In practice, effective tax rates are calculated to determine how much tax a company is effectively paying. It is calculated by dividing a company’s tax burden by its taxable income. Calculate the average effective tax rate (using the total tax burden) for each state and order your results from greatest to least by the average rate.
NOTE: Companies may have multiple rows of data associated with the same year. Before performing your calculations, filter out unnecessary rows so that only the most complete row for each company remains. In other words, each company should only have one row of data before you calculate the average effective tax rate for each state.
Suggestions and Hints
- Use the “ABSOLUTE” function to identify the rows with the most complete tax information.
- Sort the data by company, then by the sum of the absolute values greatest to least.
- Use a unique tool to filter out excess information.

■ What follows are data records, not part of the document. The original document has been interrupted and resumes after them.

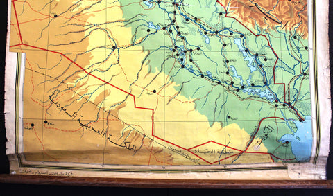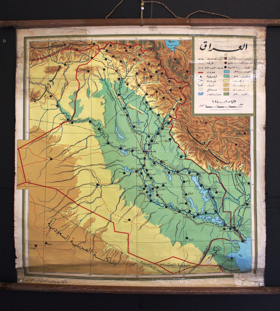 Vintage Pull-down School Wall Map of Iraq (Pipe Lines) خريطة العراق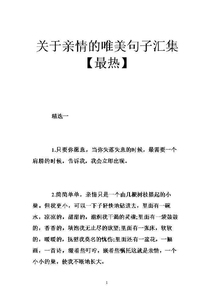 11、在最无助的人生路上,亲情是最持久的动力,给予我们无私的帮助和依靠在最寂寞的情感上,亲情是最真诚的陪伴,让我们感受到无比的温馨和安慰在最无奈的十字路口,亲情是最清晰的路标,指引我们成功到达目标#x00A0 2简简单单,亲情只是。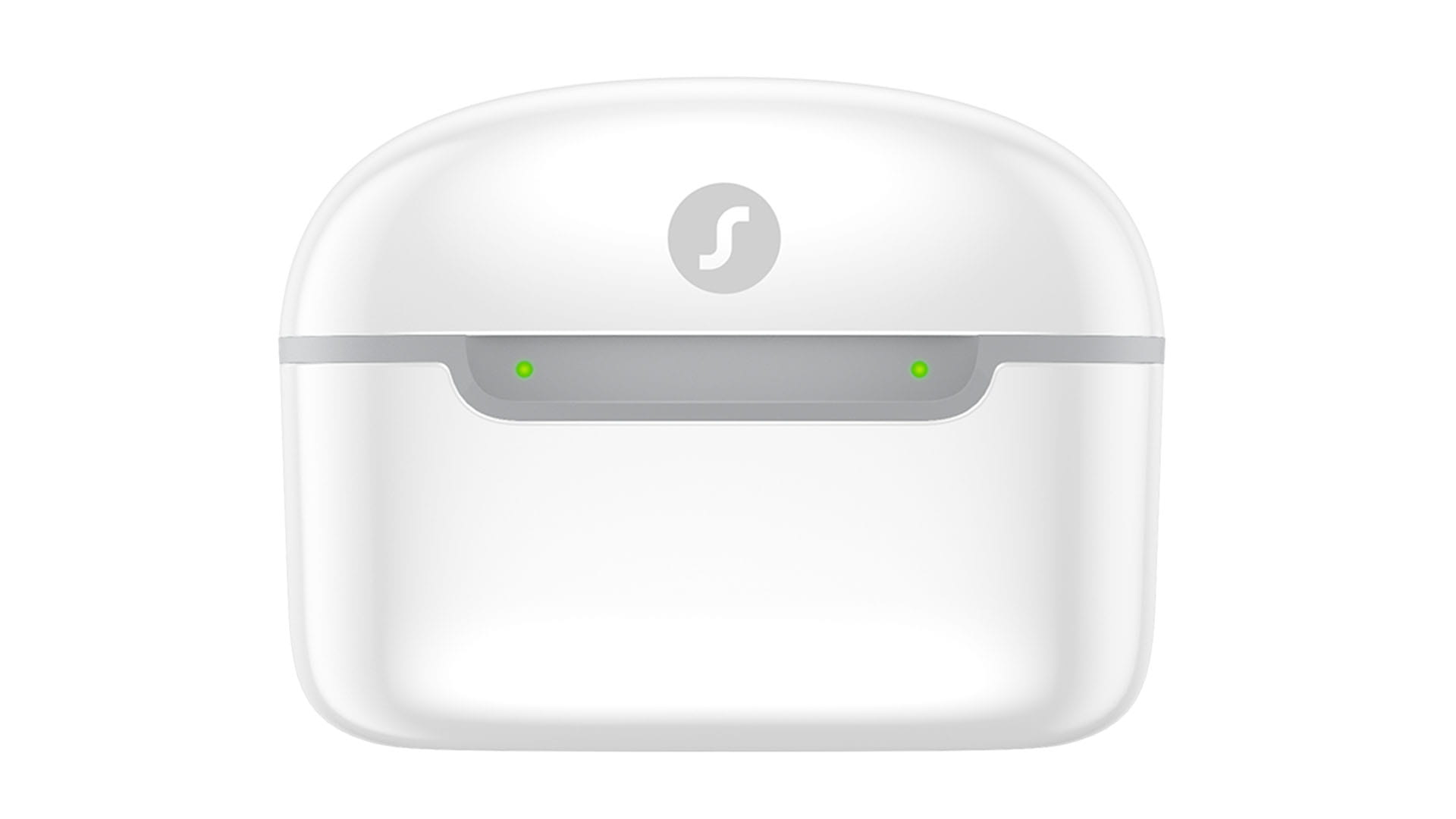 Cargador de bolsillo con batería integrada que puede proporcionar hasta tres cargas completas antes de necesitar recargarse. Los LED indican el estado de carga de cada audífono y de la batería integrada. Puede cargarse de forma inalámbrica (Qi).

Effective Tax Rates by State
- CA = 34.34%
- OR = 29.76%
- WA = 22.74%
- AZ 19.41%
- UT 17.71%
Challenge 78 Alteryx.yxmd (12.2 KB)
Thank you for the challenge! It was cool to see how you could use the different companies fiscal year taxes!
Nice challenging one! I got the same results without including fiscal year in unique function.

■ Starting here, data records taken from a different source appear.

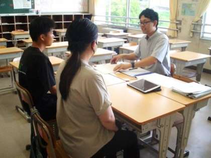 現在、三者面談を行っています。1・2年生は全員対象、3年生は希望制で実施しています。3年生は、10月と12月に全員を対象とした三者面談があるため、今回は希望制としています。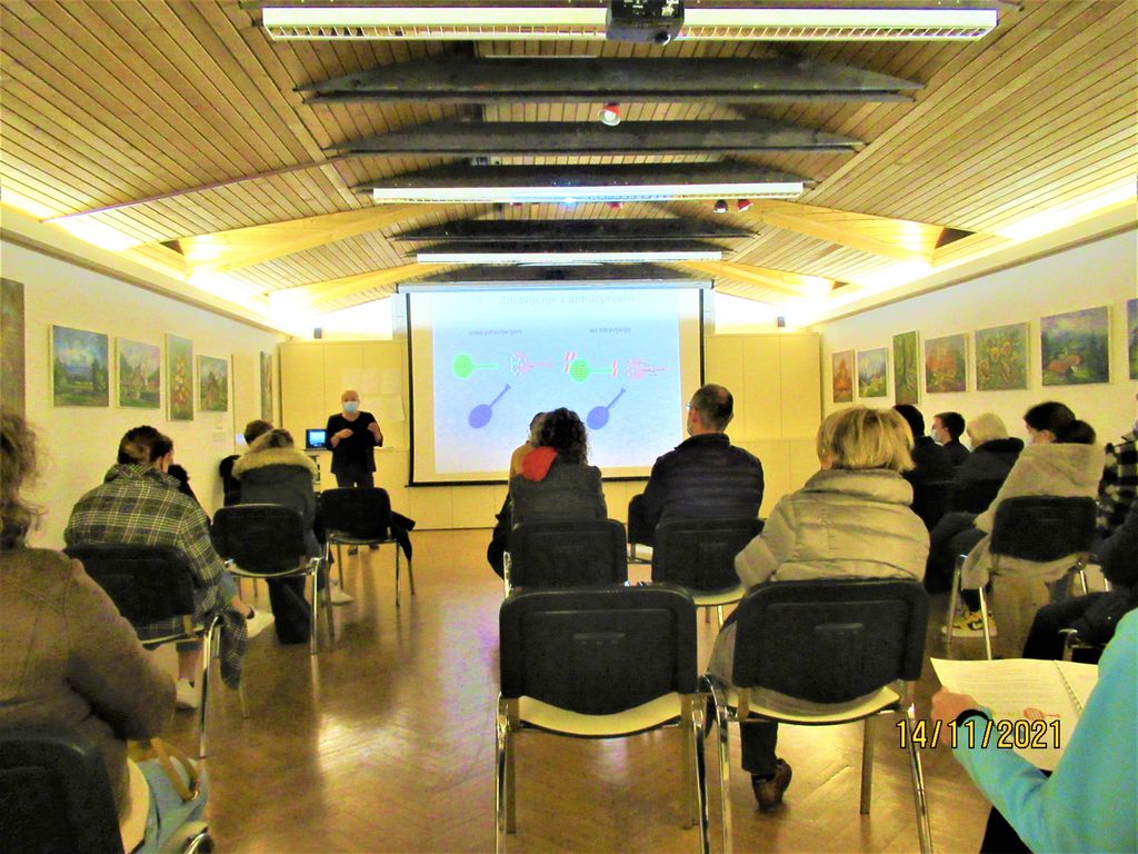 Lili Skodlar je od leta 2014 naprej spremljala okoli 430 bolnikov in mnogim pomagala k boljšemu življenju. Na srečanju je predstavila stopnje bolezni in zdravljenja. Skupaj pa smo preizkusili tudi nekaj vaj. Tudi v prihodnje je pripravljena z nami odkrivati znake depresije in pomagati, da bi lažje živeli. Zainteresirani za omenjene delavnice, ali pa za podobno predstavitev vaših talentov na prihodnjih Antonovih večerih pa to lahko sporočite g. Jožetu Pojetu (040 395 942) ali meni. Lili in Marku Skodlarju pa še enkrat čestitke za doseženo in iskrena hvala za predstavitev in za sodelovanje tudi v naprej.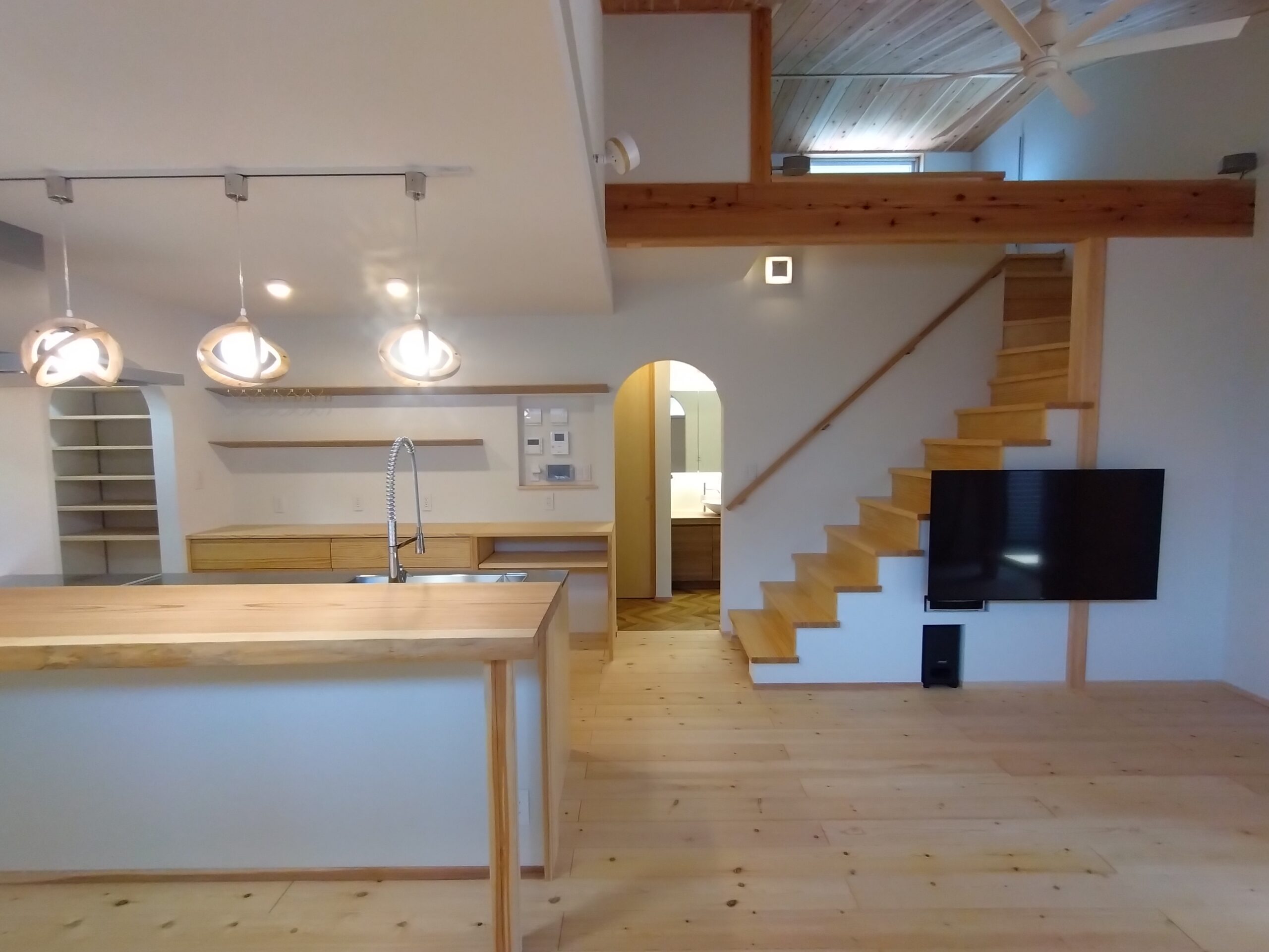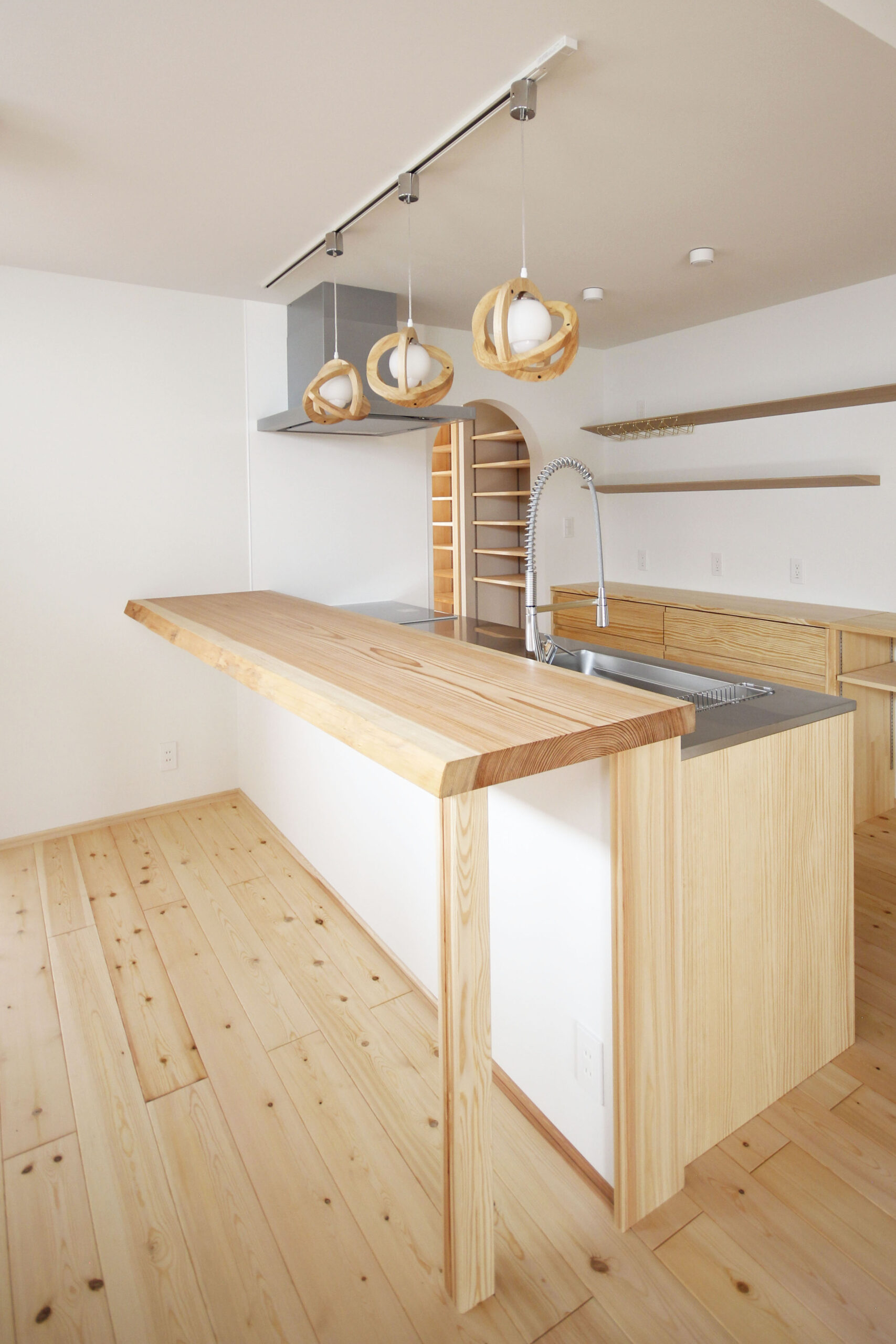 キッチンカウンターはW:2500 D:540サイズの存在感のある杉の無垢材。

I had a bit of trouble figuring out the data cleansing at the beginning, but the video was super helpful and I learned how to get rid of redundant data!
That was good practice, especially when learning what “most complete row” would mean and learning how to use the unique tool.
TechHub Nov1.yxmd (36.8 KB)
I never thought of using absolute values to get the most complete data, but that’s cool!
TaxAlteryxPractice.yxmd (12.1 KB)
This one was actually pretty hard for my beginner abilities, but I tried my best and I’m going to continue to work hard.
The video was very helpful! I’ve never used the absolute function before. Great way to learn something new.
It was challenging to find the most complete rows, but using the absolute value of the taxes was a cool way to do it. Other than that, fairly straight forward. Here’s what I did:
The beginning of this challenge taught me new ways to clean and organize data. It was fun to see and learn a new aspect of Alteryx. Here is a screenshot of my solution and the related file!
Here’s what I got. The unique tool is pretty nifty.
Fun challenge! Good practice!
Took me a little bit to figure out how to get only the most complete row for each company but ended up being good practice.
My answers were a little different because I maintained negatives, but the final order was still right.